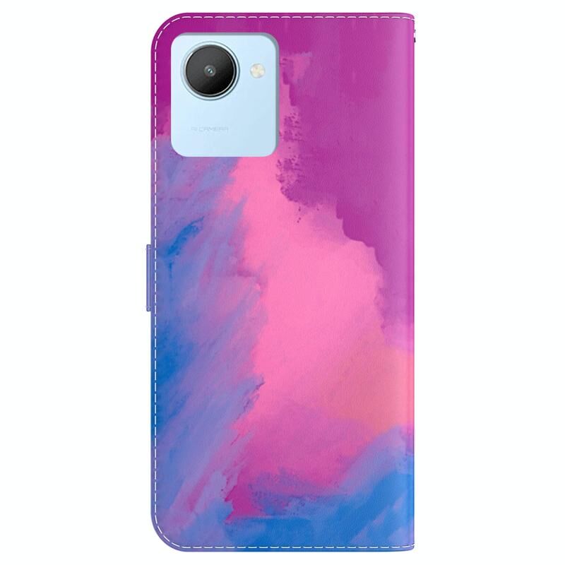 Για Realme C30 Υδατογραφία μοτίβο Flip υπόθεση τηλεφώνου δέρμα (μοβ κόκκινο)
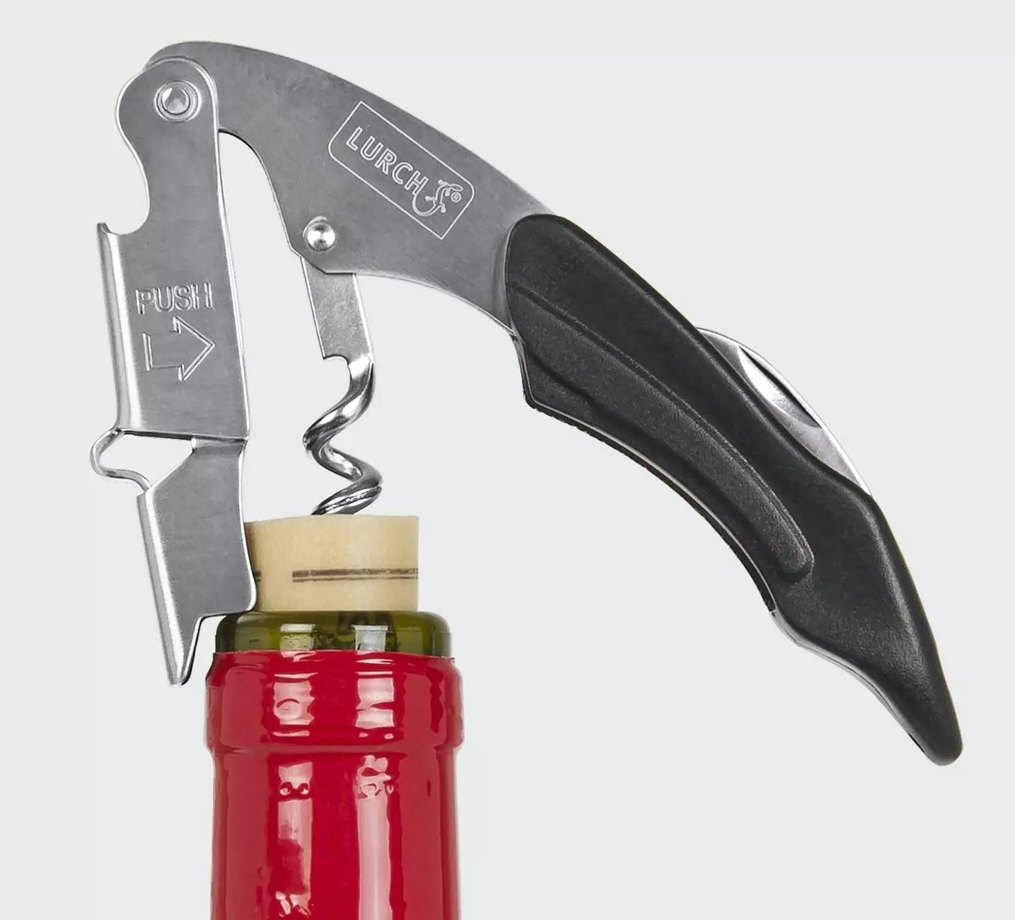Mit dem Kellnerkorkenzieher von Lurch lassen sich Weinflaschen schnell und sicher Öffnen ohne Korkbruch. Der patentierte 2-Stufen-Hebel eignet sich sogar für lange Korken. Mit dem integrierten Messer ist das Öffnen von Flaschenmanschetten kein Problem.
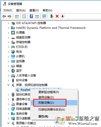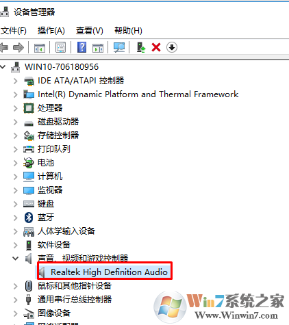 3.在“声音、视频”设备目录下 ,查看是否安装有Realtek的驱动(如下图)
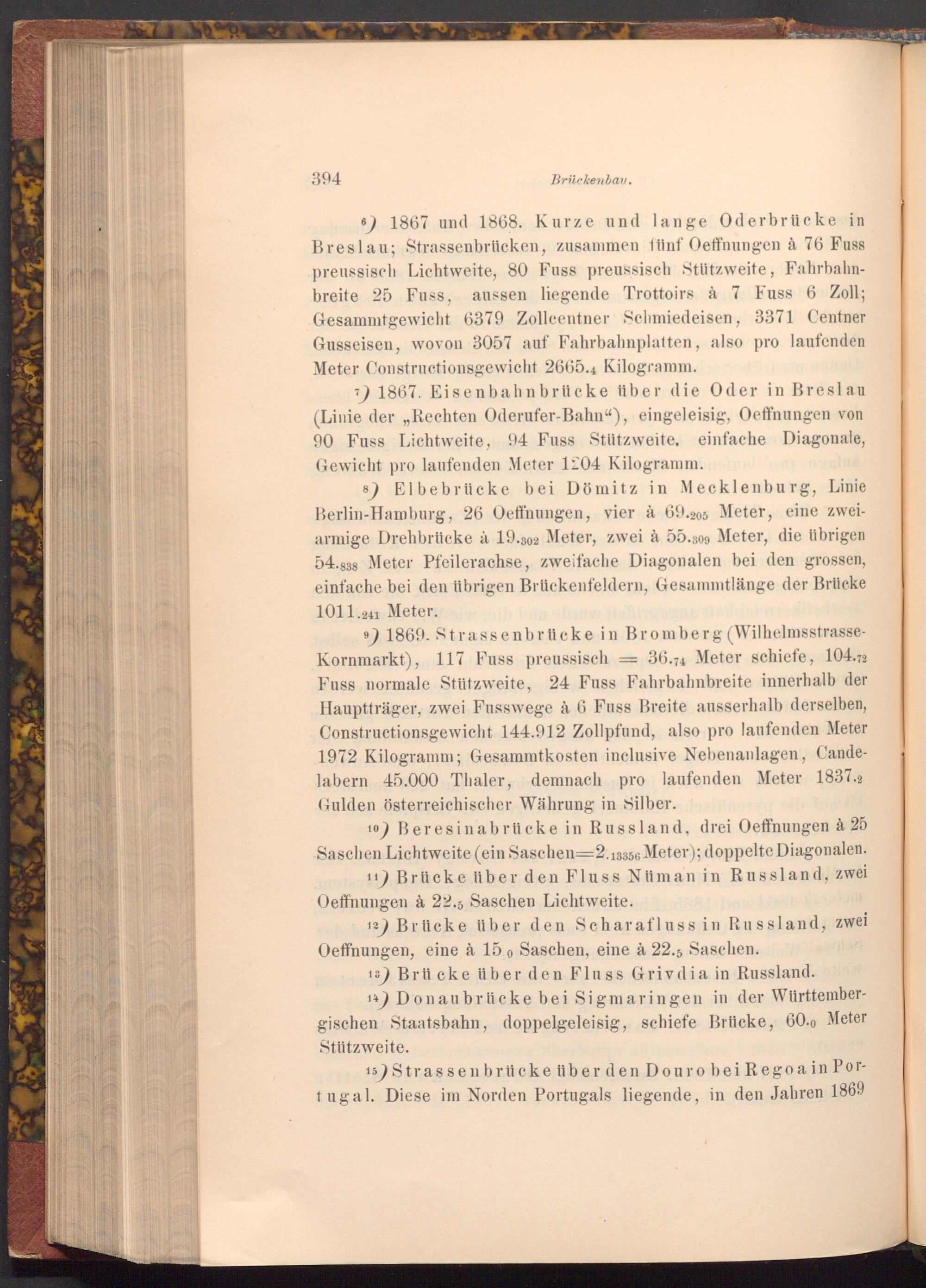 6) 1867 und 1868. Kurze und lange Oderbrücke in Breslau; Strassenbrücken, zusammen fünf Oeffnungen à 76 Fuss preussisch Lichtweite, 80 Fuss preussisch Stützweite, Fahrbahnbreite 25 Fuss, aussen liegende Trottoirs à 7 Fuss 6 Zoll; Gesammtgewicht 6379 Zollcentner Schmiedeisen, 3371 Centner Gusseisen, wovon 3057 auf Fahrbahnplatten, also pro laufenden Meter Constructionsgewicht 2665.4 Kilogramm.
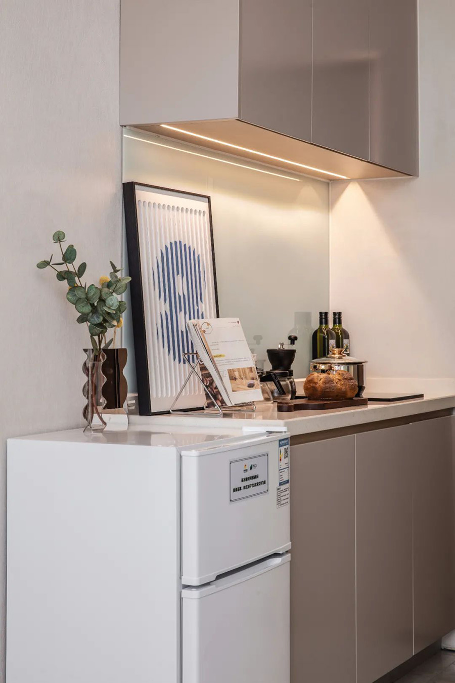 這間廚房主色調(diào)為啞光白,不同材質(zhì)的淺灰色調(diào)板構(gòu)成了櫥柜,天藍灰的作品突出了空間的藝術(shù)氣息,更加突出了房間的品位。
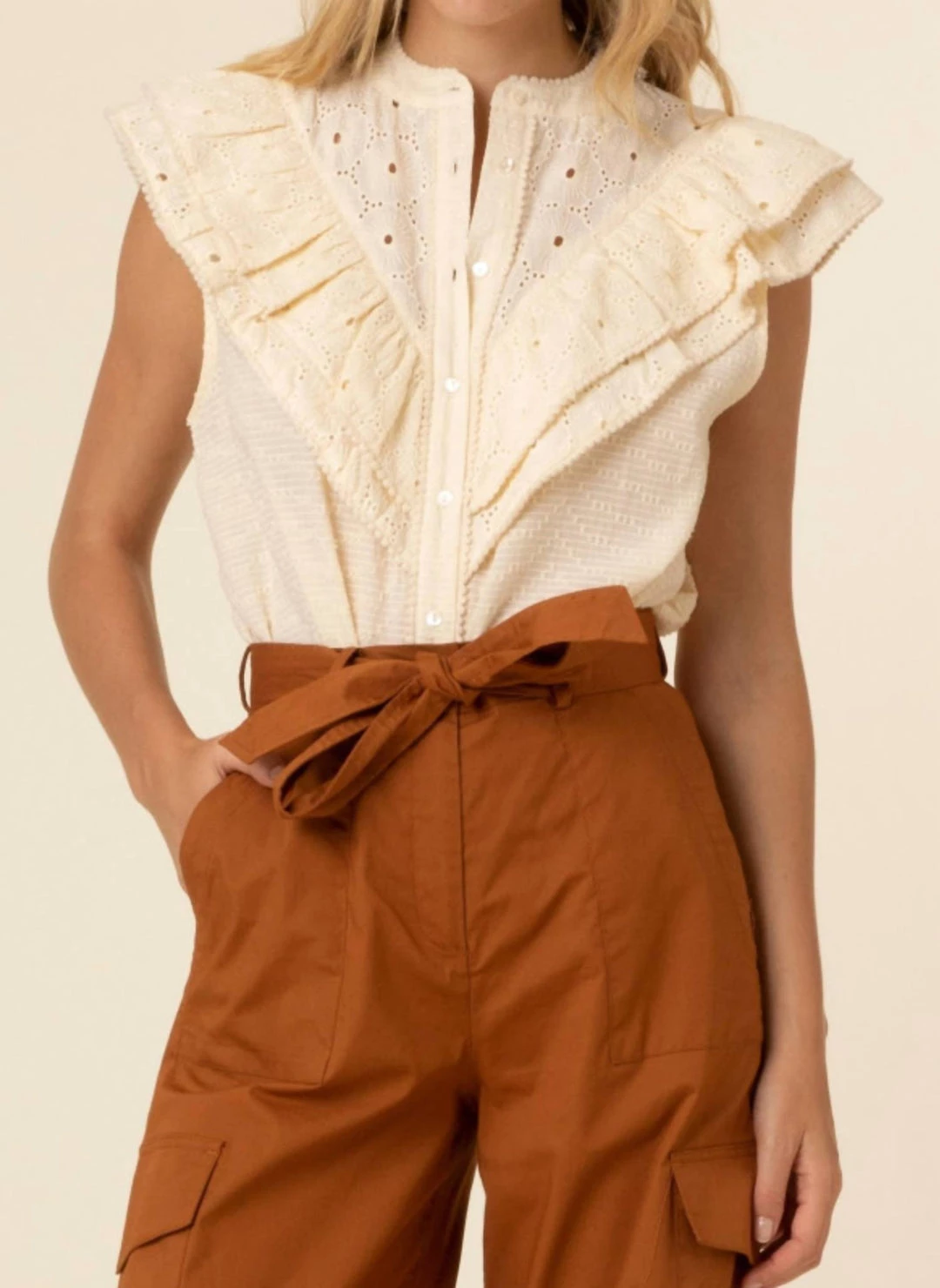 Textured fabric blouse with English embroidery. Mao collar, ruffles and front button fastening.
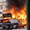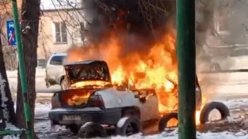 Пламя быстро поглотило автомобиль. Столбы густого дыма поднимались к крышам многоэтажек.
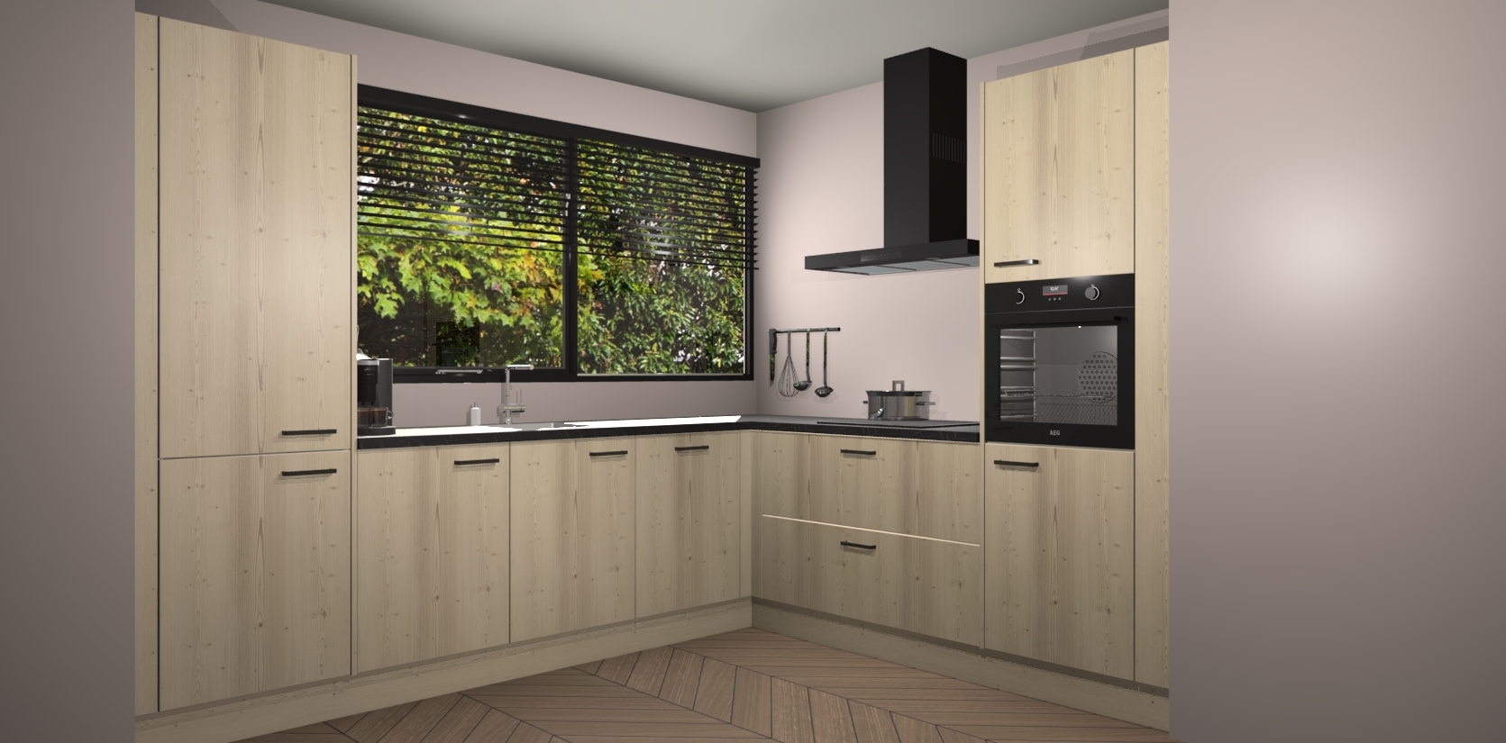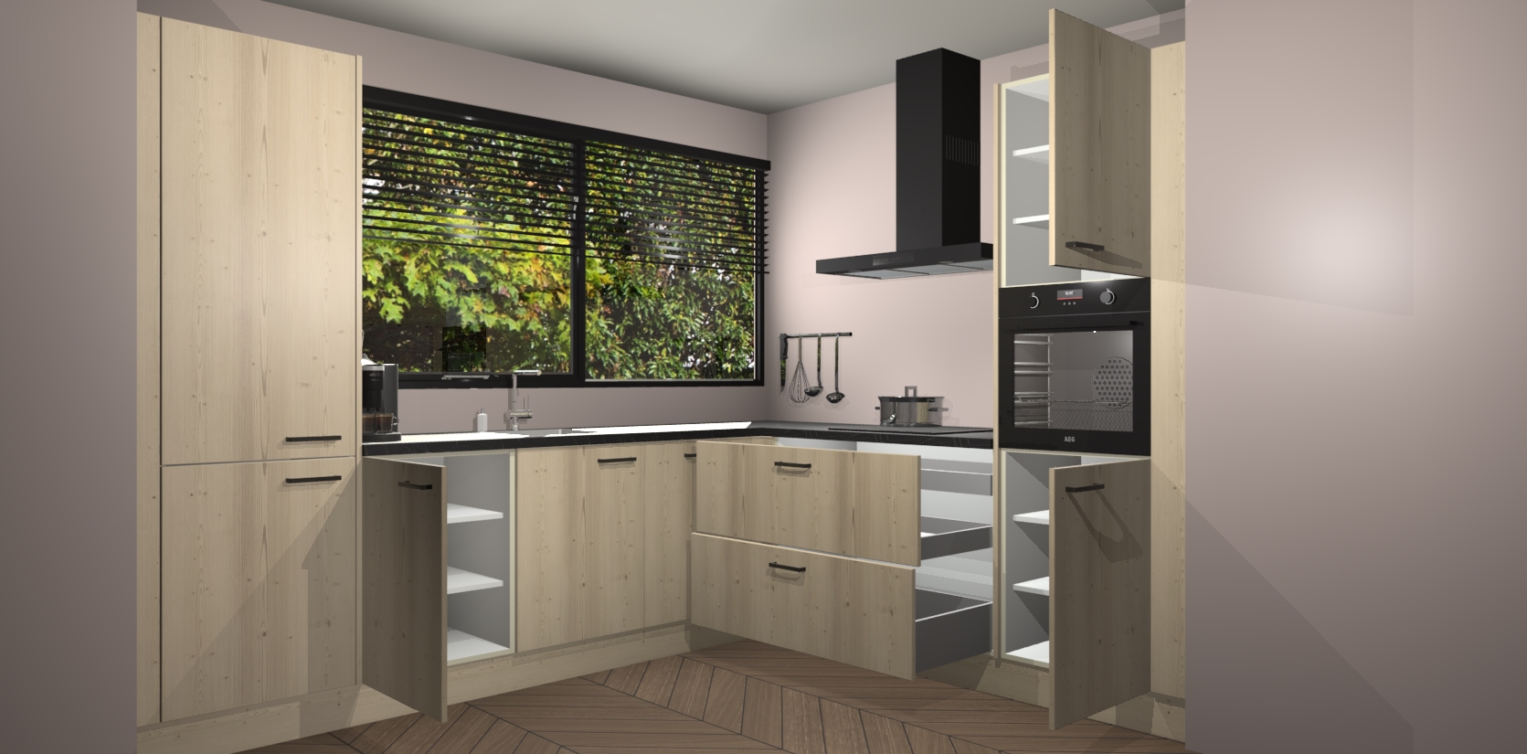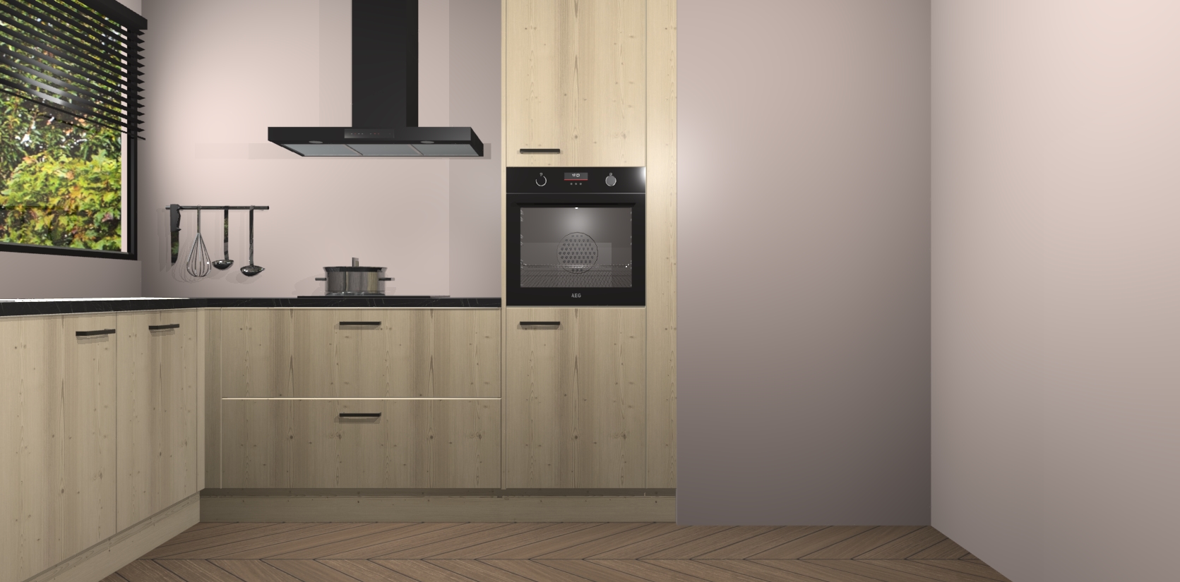 Met een modern, tijdloos design en ruime opslagruimte, zult u zich in no-time thuis voelen in uw nieuwe keuken. Uw leven wordt eenvoudiger met de soft-close deuren die voor het ultieme stille comfort zorgen - geen geluid dat u stoort terwijl u kookt. Ook is de keuken voorzien van 5 ingebouwde apparaten: een oven, inductie kookplaat, afzuigkap, vaatwasser en koelkast. Deze kunnen gemakkelijk na bestelling worden bijgewerkt naar AEG - waardoor uw luxe ervaring compleet is.

_TASK OBJECTIVE_: Lines from the one above containing "6) 1867 und" down to the one containing "Textured fabric blouse" should be transcribed exactly, with both ends kept and no pictures.

_WRITTEN SOLUTION_:
 6) 1867 und 1868. Kurze und lange Oderbrücke in Breslau; Strassenbrücken, zusammen fünf Oeffnungen à 76 Fuss preussisch Lichtweite, 80 Fuss preussisch Stützweite, Fahrbahnbreite 25 Fuss, aussen liegende Trottoirs à 7 Fuss 6 Zoll; Gesammtgewicht 6379 Zollcentner Schmiedeisen, 3371 Centner Gusseisen, wovon 3057 auf Fahrbahnplatten, also pro laufenden Meter Constructionsgewicht 2665.4 Kilogramm.
 這間廚房主色調(diào)為啞光白,不同材質(zhì)的淺灰色調(diào)板構(gòu)成了櫥柜,天藍灰的作品突出了空間的藝術(shù)氣息,更加突出了房間的品位。
 Textured fabric blouse with English embroidery. Mao collar, ruffles and front button fastening.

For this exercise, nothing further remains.